Laminated teeth consist of the process of gluing a thin layer in porcelain structure, with or without minimal abrasion, on the front surfaces of the teeth.

Porcelain laminates are colloquially referred to as “leaf porcelain” and they have recently become increasingly popular due to their high aesthetic quality.


The long-lasting laminates are preferred in cases of stained teeth which cannot be transformed by the whitening process.


They also provide aesthetically pleasing results for when problems with the shape and form of the teeth are observed, or when spaces between teeth – called “diastema”- occurs.



Laminated teeth are different from classical porcelain coatings in terms of both the material and the method of construction.

In porcelain coatings, it is necessary to make an abrasion of 2-2.5 mm along the entire surface of the teeth, whereas for laminated teeth only 0.5-1 mm of abrasion is sufficient along the front surface of the teeth.

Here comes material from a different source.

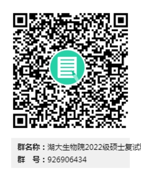 达到复试分数线且有意愿参加我院复试的考生请加入“湖大生物院2022级硕士复试群”(简称“复试QQ群”),群号:926906434,相关通知将在群内发布,请务必加入!不参加本院复试的考生勿扰。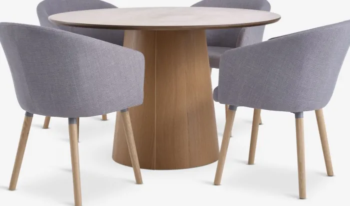 KLIPLEV + KLOSTER Spisebordssæt|KLIPLEV Ø120 bord eg + 4 KLOSTER lysegrå/eg

Some cases do not require any abrasion for laminated teeth. Porcelains used for laminates have outstanding features compared to porcelains used with a classical finish and provide very good results in terms of aesthetics.

Laminated teeth are mainly preferred by patients who want neat looking teeth with high aesthetic expectations. Specifically, lamination is the optimal solution for cases that involve permanent discolorations due to antibiotic use, slight shrinkage, shape or form problems, chipping or breakage of the teeth, non-uniform look, as well as excessive treatment of fillers or canal therapy.